[Collection entries]
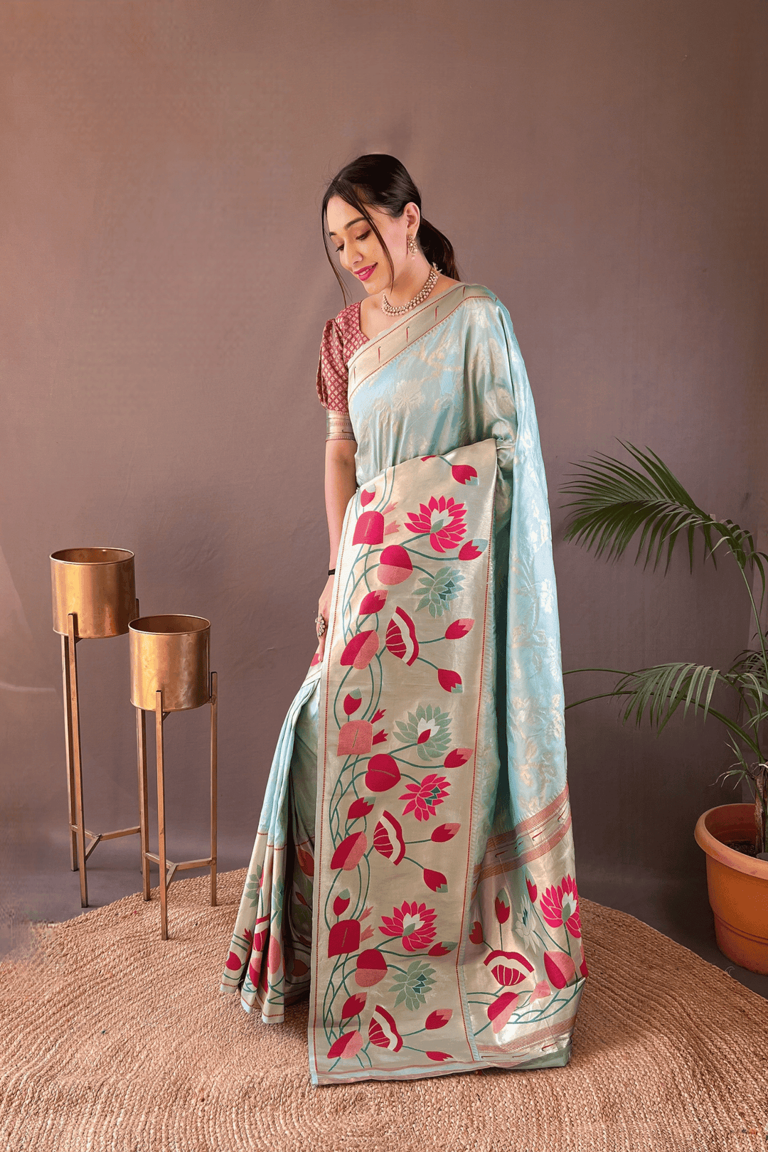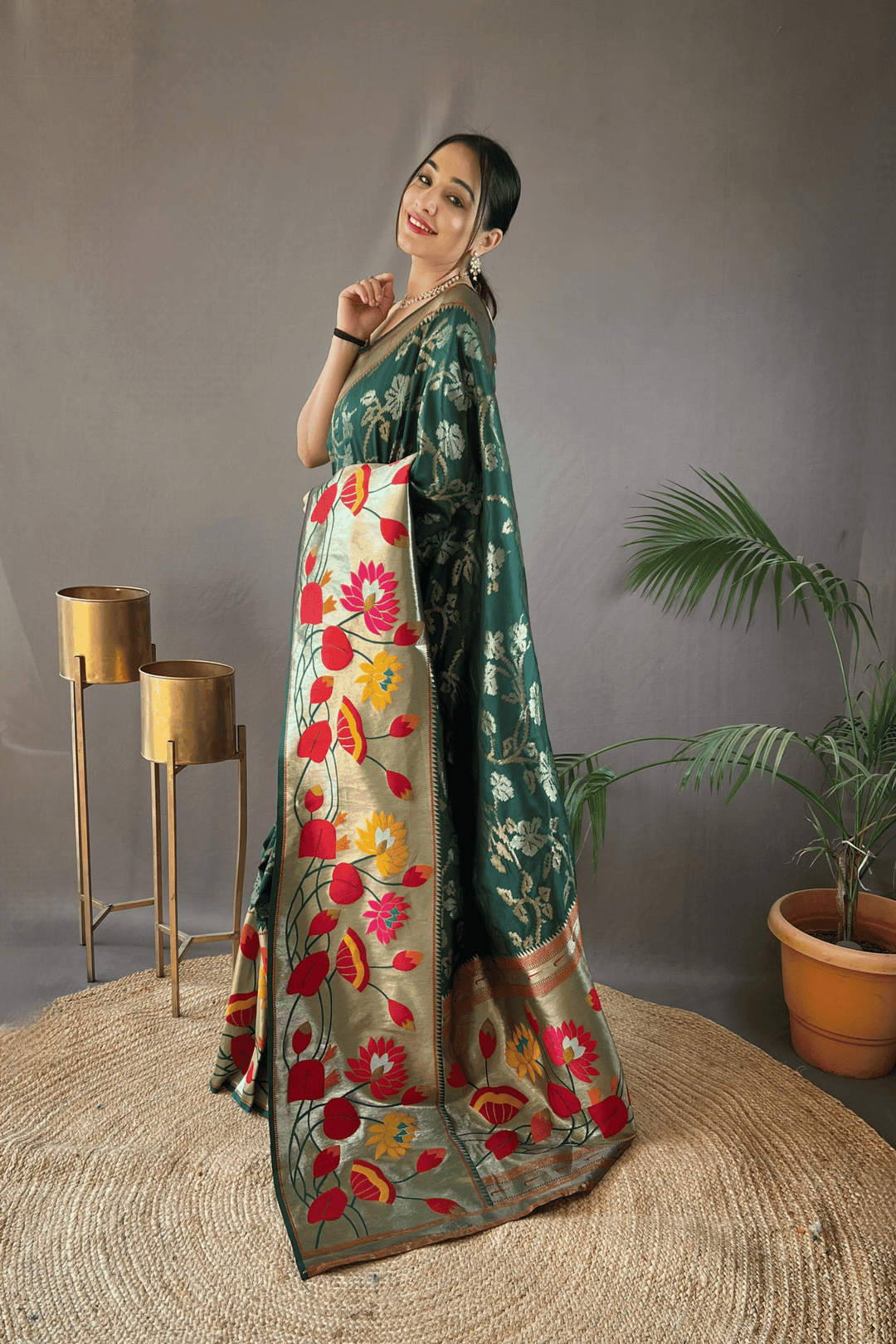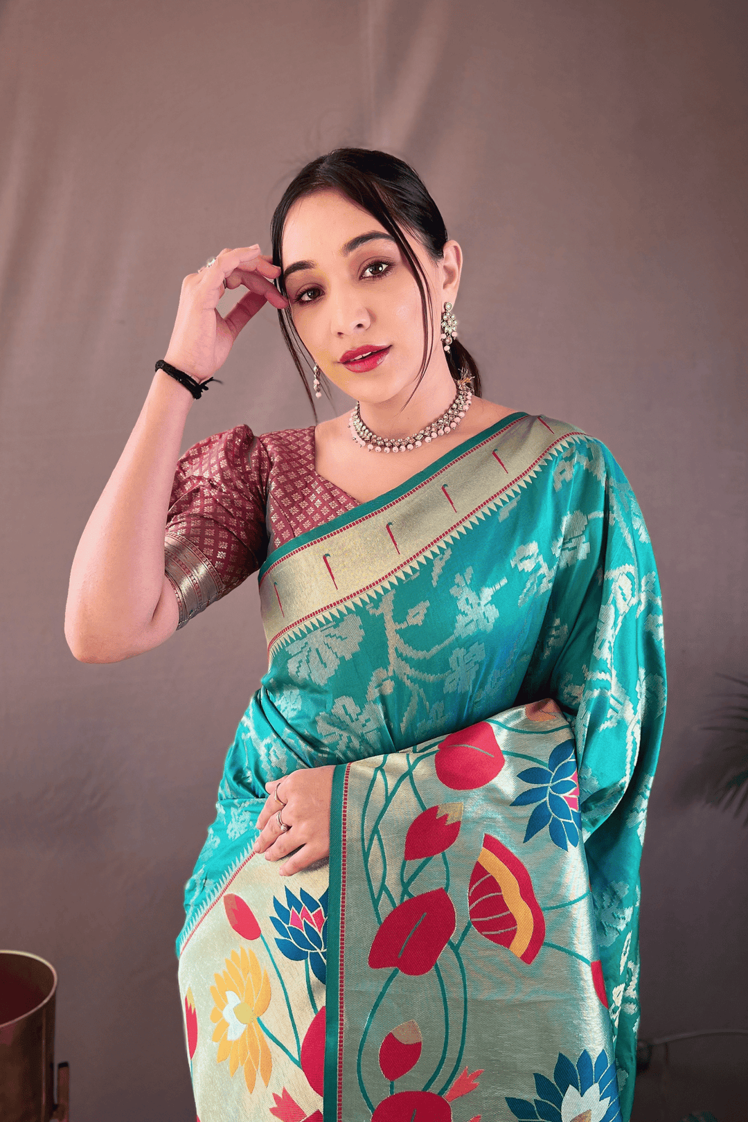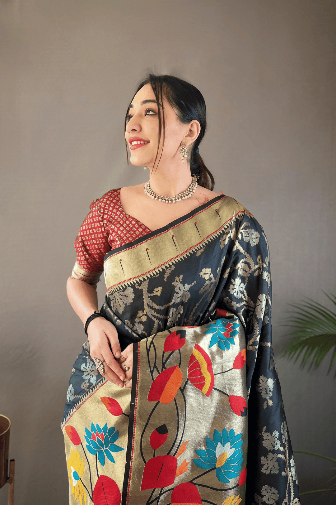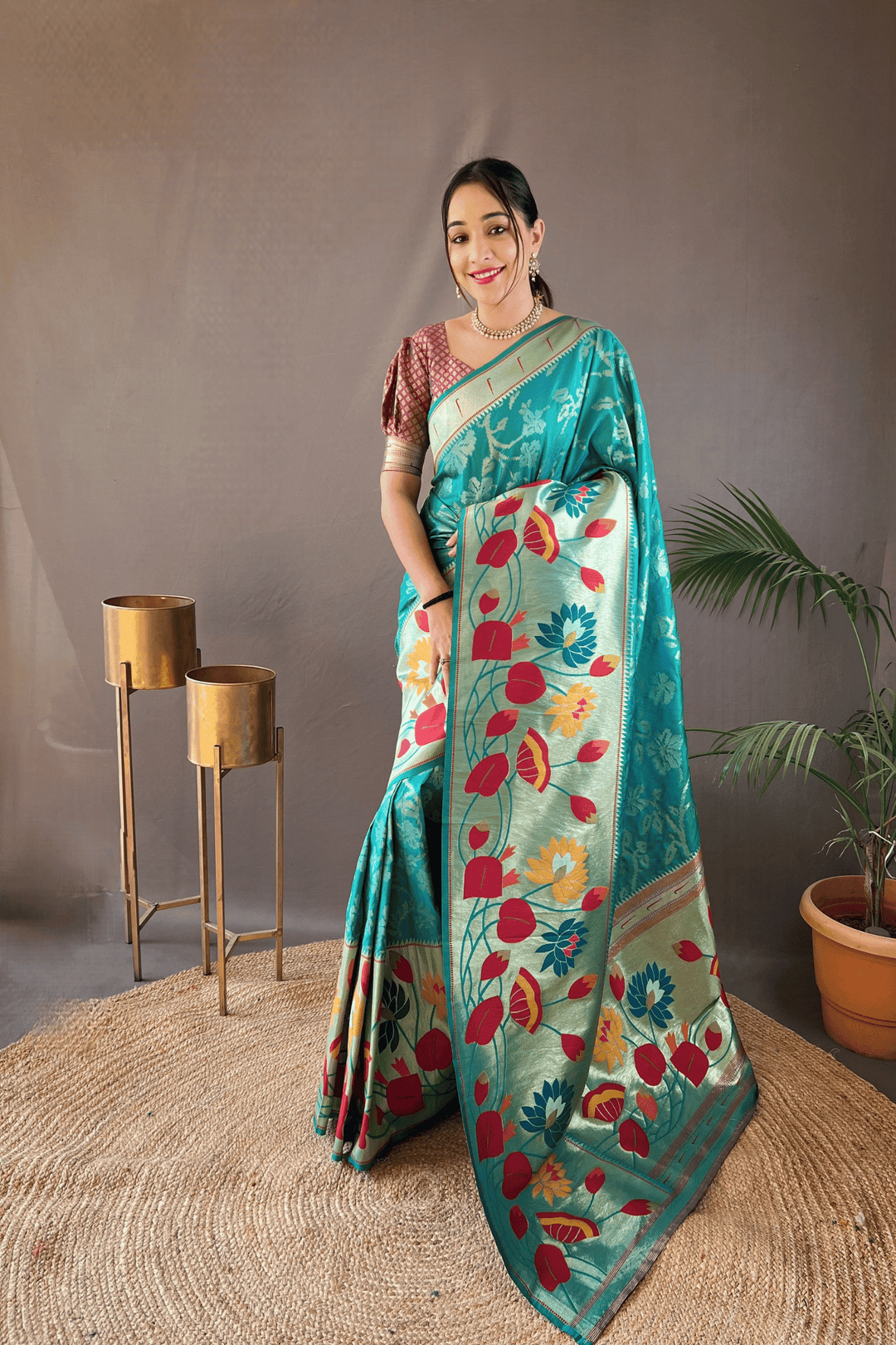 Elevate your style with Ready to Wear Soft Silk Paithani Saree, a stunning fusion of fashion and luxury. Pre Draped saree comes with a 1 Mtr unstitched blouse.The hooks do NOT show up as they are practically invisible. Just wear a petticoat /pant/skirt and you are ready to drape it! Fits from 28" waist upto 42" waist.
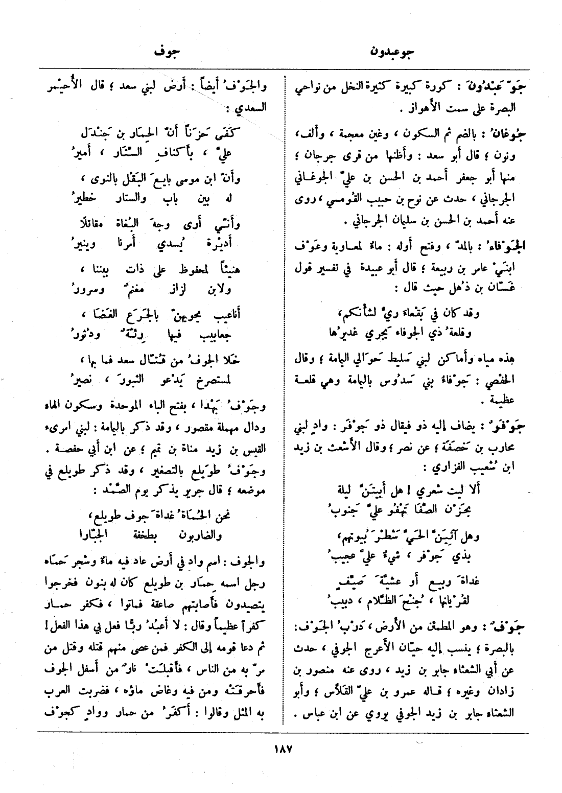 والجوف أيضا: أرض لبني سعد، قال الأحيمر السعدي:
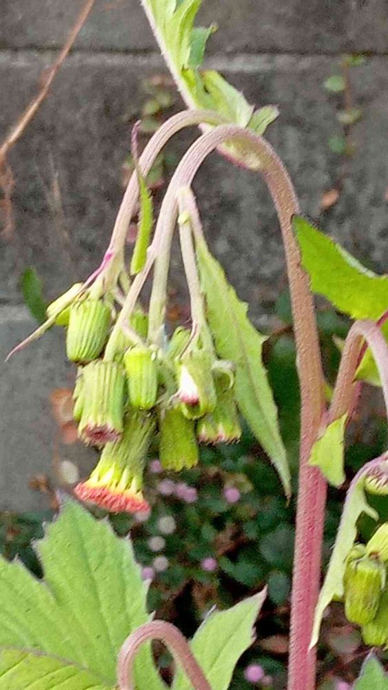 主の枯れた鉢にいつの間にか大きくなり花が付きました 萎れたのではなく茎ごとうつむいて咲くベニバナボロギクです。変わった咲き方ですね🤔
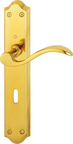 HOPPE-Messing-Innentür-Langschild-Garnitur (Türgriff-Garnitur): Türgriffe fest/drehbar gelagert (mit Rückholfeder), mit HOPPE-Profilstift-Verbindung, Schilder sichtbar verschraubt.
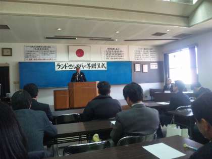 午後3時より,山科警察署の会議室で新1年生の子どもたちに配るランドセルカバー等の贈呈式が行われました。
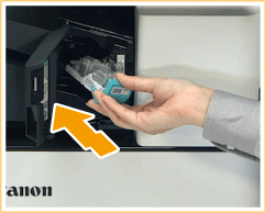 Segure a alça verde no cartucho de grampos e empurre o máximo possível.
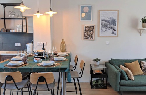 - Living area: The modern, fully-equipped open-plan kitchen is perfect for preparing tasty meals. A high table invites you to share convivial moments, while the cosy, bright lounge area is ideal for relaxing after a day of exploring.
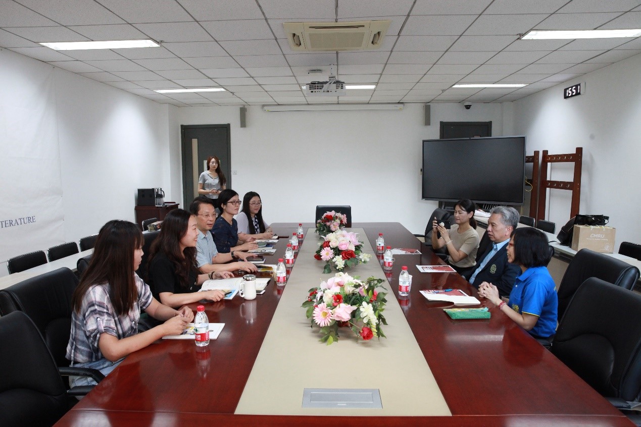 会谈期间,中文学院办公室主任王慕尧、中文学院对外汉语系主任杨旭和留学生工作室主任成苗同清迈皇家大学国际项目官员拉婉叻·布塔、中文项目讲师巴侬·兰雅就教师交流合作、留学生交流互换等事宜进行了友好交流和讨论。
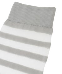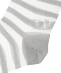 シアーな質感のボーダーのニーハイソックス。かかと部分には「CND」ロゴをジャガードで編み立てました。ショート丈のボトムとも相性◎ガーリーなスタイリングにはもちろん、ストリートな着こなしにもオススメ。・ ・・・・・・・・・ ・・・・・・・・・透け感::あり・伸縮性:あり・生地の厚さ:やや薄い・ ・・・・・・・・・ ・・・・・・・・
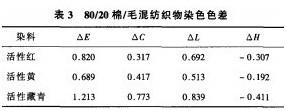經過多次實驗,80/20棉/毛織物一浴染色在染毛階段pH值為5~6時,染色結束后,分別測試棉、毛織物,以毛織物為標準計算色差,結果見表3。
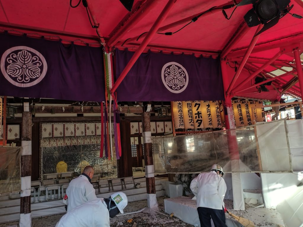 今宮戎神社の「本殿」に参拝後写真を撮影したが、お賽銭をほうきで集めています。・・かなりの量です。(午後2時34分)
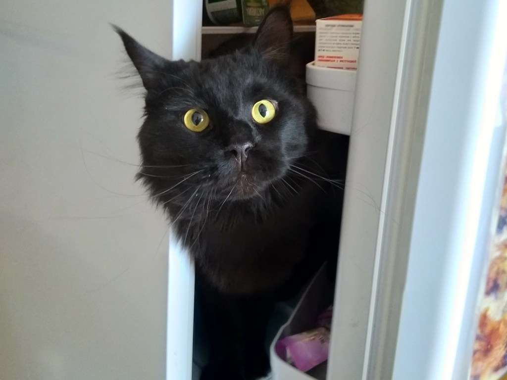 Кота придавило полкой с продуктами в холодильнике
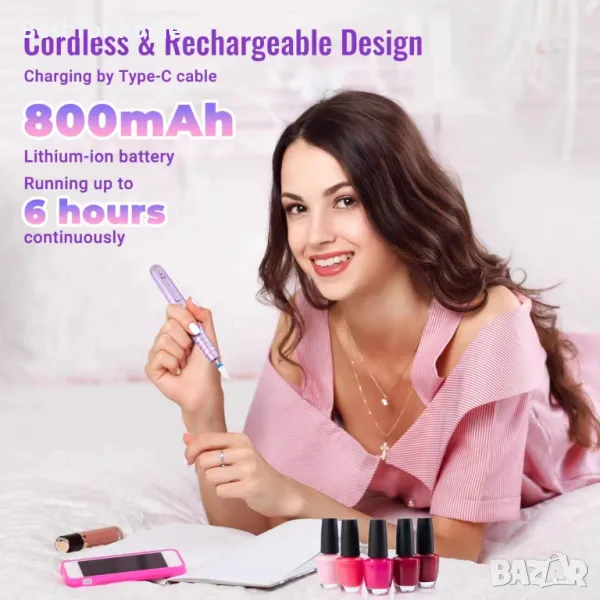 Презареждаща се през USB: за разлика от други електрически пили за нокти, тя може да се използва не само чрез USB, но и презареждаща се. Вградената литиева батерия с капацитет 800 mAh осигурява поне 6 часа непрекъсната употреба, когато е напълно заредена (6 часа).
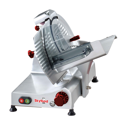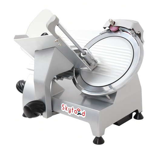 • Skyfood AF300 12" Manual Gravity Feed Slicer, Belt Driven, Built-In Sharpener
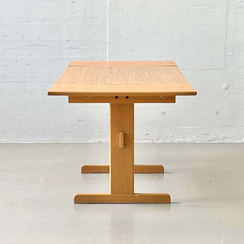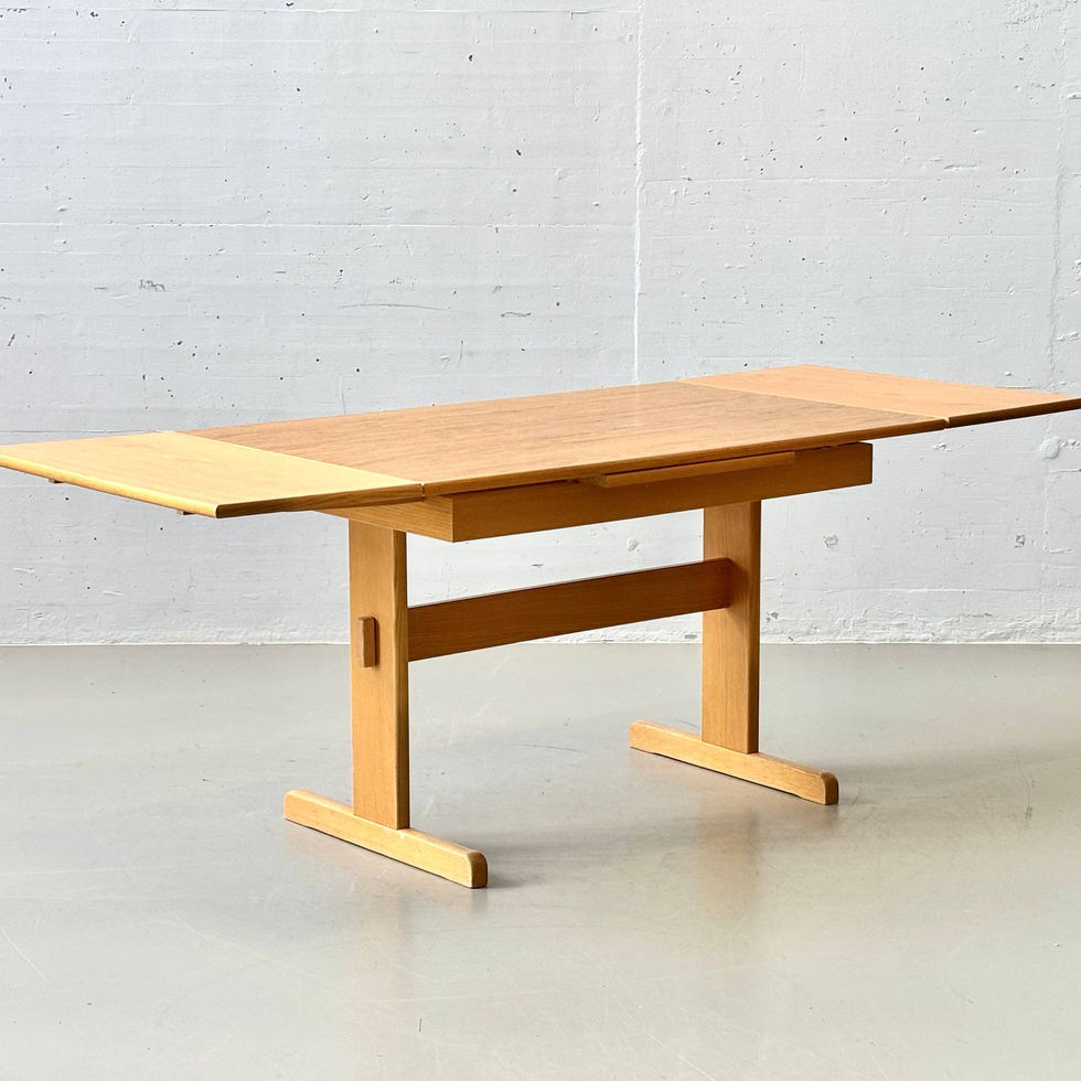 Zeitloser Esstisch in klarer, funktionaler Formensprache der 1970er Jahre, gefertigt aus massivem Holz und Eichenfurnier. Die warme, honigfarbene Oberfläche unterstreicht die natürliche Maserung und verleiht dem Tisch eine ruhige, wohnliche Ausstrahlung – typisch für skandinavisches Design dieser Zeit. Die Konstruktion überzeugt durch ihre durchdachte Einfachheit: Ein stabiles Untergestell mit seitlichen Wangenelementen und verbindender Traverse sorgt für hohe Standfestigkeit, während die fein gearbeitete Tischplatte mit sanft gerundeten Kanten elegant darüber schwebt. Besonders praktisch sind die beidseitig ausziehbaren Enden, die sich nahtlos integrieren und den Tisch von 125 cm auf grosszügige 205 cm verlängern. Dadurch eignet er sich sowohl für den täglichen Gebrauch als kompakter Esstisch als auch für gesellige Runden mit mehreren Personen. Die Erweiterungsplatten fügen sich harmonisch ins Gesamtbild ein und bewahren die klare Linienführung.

__Instructions to follow__. Repeat only the lines from the line with "Driven, Built-In Sharpener" to the end of the entries, including both the first and the last line, and drop every picture.

__Result__.
 • Skyfood AF300 12" Manual Gravity Feed Slicer, Belt Driven, Built-In Sharpener
 Zeitloser Esstisch in klarer, funktionaler Formensprache der 1970er Jahre, gefertigt aus massivem Holz und Eichenfurnier. Die warme, honigfarbene Oberfläche unterstreicht die natürliche Maserung und verleiht dem Tisch eine ruhige, wohnliche Ausstrahlung – typisch für skandinavisches Design dieser Zeit. Die Konstruktion überzeugt durch ihre durchdachte Einfachheit: Ein stabiles Untergestell mit seitlichen Wangenelementen und verbindender Traverse sorgt für hohe Standfestigkeit, während die fein gearbeitete Tischplatte mit sanft gerundeten Kanten elegant darüber schwebt. Besonders praktisch sind die beidseitig ausziehbaren Enden, die sich nahtlos integrieren und den Tisch von 125 cm auf grosszügige 205 cm verlängern. Dadurch eignet er sich sowohl für den täglichen Gebrauch als kompakter Esstisch als auch für gesellige Runden mit mehreren Personen. Die Erweiterungsplatten fügen sich harmonisch ins Gesamtbild ein und bewahren die klare Linienführung.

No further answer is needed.